Department of Biotechnology, School of Bioengineering, SRM Institute of Science and Technology, Kattankulathur, Tamil Nadu, India.
Exp Dermatol. 2024 Oct;33(10):e15189. doi: 10.1111/exd.15189.
Wound healing is a complex biological process crucial for tissue repair, wherein keratinocytes play a pivotal role in initiating, sustaining and completing the cascade. Various local and systemic factors, such as lifestyle, age metabolic disorders and vascular insufficiency, can influence this process, and in the context of diabetic wounds, disrupted biological mechanisms, including inflammation, tissue hypoxia, decrease in collagen production along with increased oxidative stress and keratinocyte dysfunction, contribute to delayed healing. During re-epithelialisation, keratinocytes undergo rapid multiplication and migration, forming a dense hyperproliferative epithelial layer that restores the epidermal barrier. Nuclear factor-erythroid 2-related factor (Nrf2), a vital transcription factor, emerges as a central regulator in managing antioxidant proteins and detoxifying enzymes, serving as a guardian against elevated reactive oxygen species (ROS) levels during stress. Nrf2 also orchestrates angiogenesis and anti-inflammatory responses crucial for wound repair. Studies demonstrate that under high-glucose conditions, Nrf2 activation promotes wound healing by enhancing cell proliferation and migration while reducing apoptosis. Nrf2 activators stimulate endogenous antioxidant production, thereby mitigating oxidative stress. Furthermore, Nrf2 upregulation is associated with decreased expression of cytokines such as TNF-α and IL- 6. Recent research underscores the potential of bioactive molecules, including dietary polyphenols, traditional medicinal compounds and pharmacological agents, in activating Nrf2 and preventing diseases such as diabetes due to their robust antioxidative properties. This review aims to investigate the activation of Nrf2 by these bioactive molecules in cultured keratinocytes and animal models, elucidating the key molecular regulatory mechanisms involved in alleviating oxidative stress and facilitating the diabetic wound healing process. Understanding these complex pathways may offer insights into novel therapeutic strategies for enhanced wound healing in diabetes-associated complications.

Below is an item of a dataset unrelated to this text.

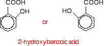 Looking at it this way, notice that the hydrogen of the phenol -OH group has been replaced by an acyl group - an alkyl group attached to a carbon-oxygen double bond. You can say that the phenol has been acylated or has undergone acylation. Because of the nature of this particular acyl group, it is also described as ethanoylation. The hydrogen is being replaced by an ethanoyl group, CH3CO-. Using a similar reaction to make aspirin The reaction with phenol itself isn't very important, but you can make aspirin by a very similar reaction. The molecule below is 2-hydroxybenzoic acid (also known as 2-hydroxybenzenecarboxylic acid). The old name for this is salicylic acid. You might find it written in either of these two ways. They are the same structure with the molecule just flipped over in space.
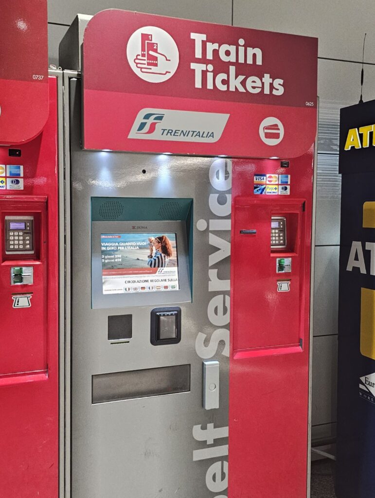 You have several options when it comes to purchasing tickets for the Leonardo Express. Automated Trenitalia ticket machines are located both in the train station and throughout key areas of the airport. These machines support a wide range of languages—including Italian, English, German, French, Spanish, Chinese, and Arabic—so international travelers can make their purchases with confidence. Tickets are also available at staffed ticket counters near the platforms, or from tabacchi shops (small convenience stores often found in Italian stations). For those who prefer to plan ahead, you can also purchase tickets online through Trenitalia, Trainline, and Omio.

伤口愈合是组织修复的一个复杂的生物学过程,在此过程中角质细胞在启动、维持和完成级联反应中起着关键作用。各种局部和全身因素,如生活方式、年龄、代谢紊乱和血管功能不全,都可以影响这个过程,而在糖尿病伤口的情况下,包括炎症、组织缺氧、胶原蛋白生成减少以及氧化应激和角质细胞功能障碍增加在内的生物学机制的破坏,导致愈合延迟。在再上皮化过程中,角质细胞经历快速增殖和迁移,形成一层致密的过度增殖的上皮层,恢复表皮屏障。核因子-红细胞 2 相关因子(Nrf2)作为一种重要的转录因子,是管理抗氧化蛋白和解毒酶的核心调节剂,在应激时充当防止活性氧(ROS)水平升高的守护者。Nrf2 还协调血管生成和抗炎反应,这对伤口修复至关重要。研究表明,在高糖条件下,Nrf2 的激活通过增强细胞增殖和迁移,同时减少细胞凋亡,促进伤口愈合。Nrf2 激活剂刺激内源性抗氧化剂的产生,从而减轻氧化应激。此外,Nrf2 的上调与 TNF-α 和 IL-6 等细胞因子的表达减少有关。最近的研究强调了生物活性分子(包括膳食多酚、传统药用化合物和药理学制剂)的潜力,它们通过其强大的抗氧化特性,激活 Nrf2 并预防糖尿病等疾病。本综述旨在研究这些生物活性分子在培养的角质细胞和动物模型中对 Nrf2 的激活作用,阐明涉及缓解氧化应激和促进糖尿病伤口愈合过程的关键分子调节机制。了解这些复杂的途径可能为糖尿病相关并发症的增强伤口愈合提供新的治疗策略提供思路。